描述
The Site Magazine is an independent journal that addresses diverse issues pertaining to our built environment. Through a range of writing types, design projects, and visual formats, each issue advocates for a critical consideration of the layered relations of our built environment posed from varied perspectives, including the cultural, political, formal, social, and ecological.
Founded in 2015, The Site Magazine is a collaborative, dynamic project driven by a shared commitment and passion for fostering debate as a way of progressing community and practice.
We are particularly interested in offering an interdisciplinary platform to explore the agency of designers and aligned professionals in bringing change, advocacy, and engagement beyond the limits of art and design. We encourage debates that engage the politics, cultural relevance, and social implications of the work that we do, and that confront issues of equality and representation.
We publish thematic issues twice a year. Each issue has both a print and digital form, allowing for a range expressive formats and a nuanced dialogue across both outlets. Along with The Site Magazine, we host public events—including roundtable discussions, exhibitions, and talks—to expand the discussions of each issue to a broader audience. Issues are grouped within series that are defined by a broader perspective.
Series 1, containing volumes 35–40, explores a range of scales and frameworks for understanding our built environment through the themes of Borders, Vernaculars, Future Legacies, Feminisms, Foundations/Disruptions, and Devices. This series continues the enumeration of On Site Review, making The Site Magazine the latest iteration of Canada’s longest running, independent journal for architecture and urbanism.

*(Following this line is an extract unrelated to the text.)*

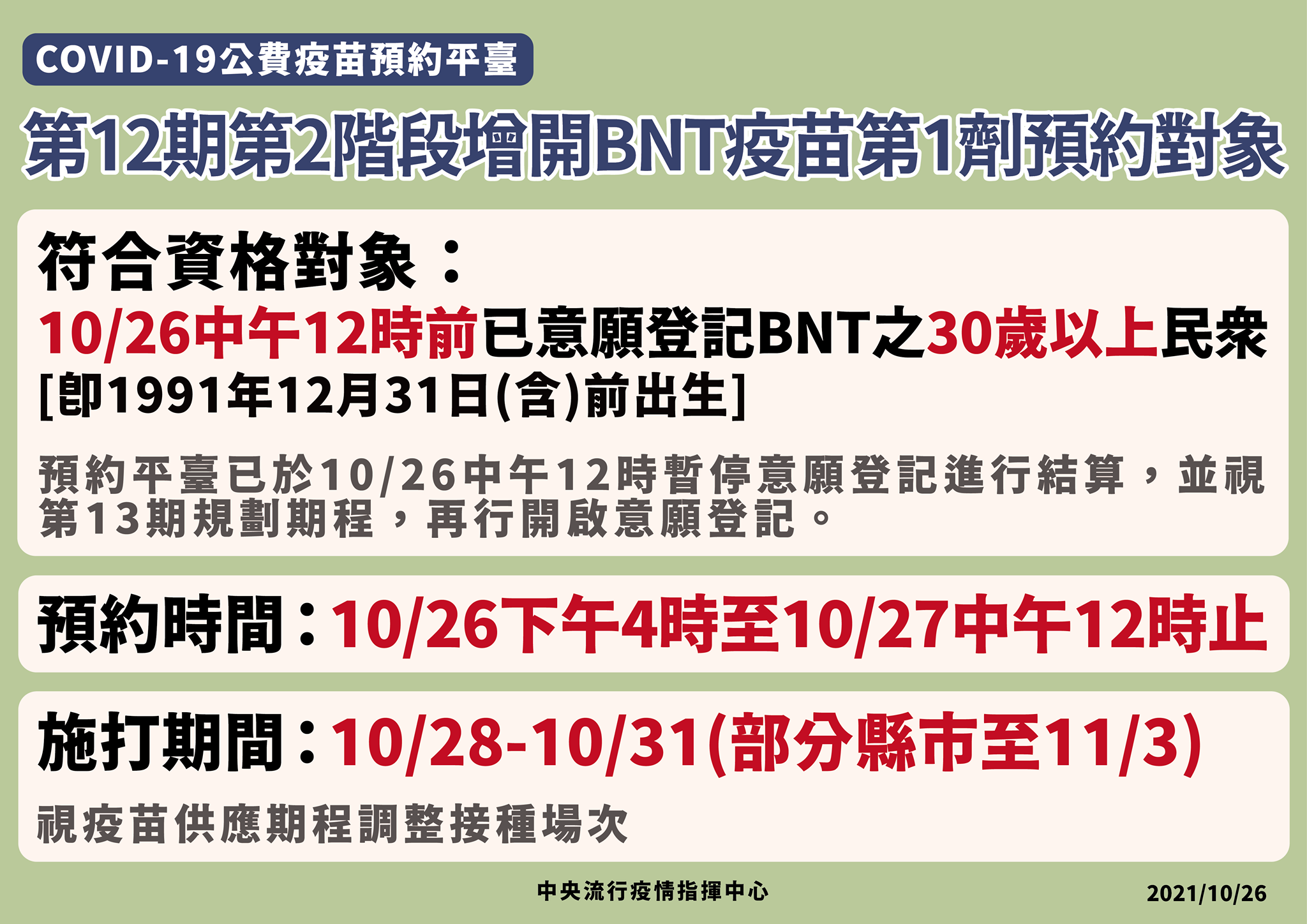 中央流行疫情指揮中心今(26)日表示,為利疫苗資源有效利用,「COVID-19公費疫苗預約平臺」(https://1922.gov.tw/,以下簡稱預約平臺)第12期第2階段將增加開放「10月26日中午12時前意願登記BNT疫苗之30歲以上民眾[即1991年12月31日(含)前出生]」,預約接種第一劑。預約時程:10月26日下午4時至10月27日中午12時止;施打時程:10月28日至10月31日(部分縣市至11月3日)。

This issue situates itself within the space of the edit, inthe gaps between what takes place, what is recorded, what we come to understand through the sedimented records of our reality. It invites a move towards new and different frames of thinking and doing.
How might we uncover the complex, hidden iterations beneath the final inking? Can we reveal truths and tools to overcome the pervasive burdens of a monolithic, heteronormative, Eurocentric coding, or will we need to script new ones?
What needs to be written out in order to return what was and could have been, to move towards a communal future where we embrace our unbounded, unabridged, and unscripted selves?
This issue explores the conditions of possibility that await us when we encounter, resist, and reimagine the edit.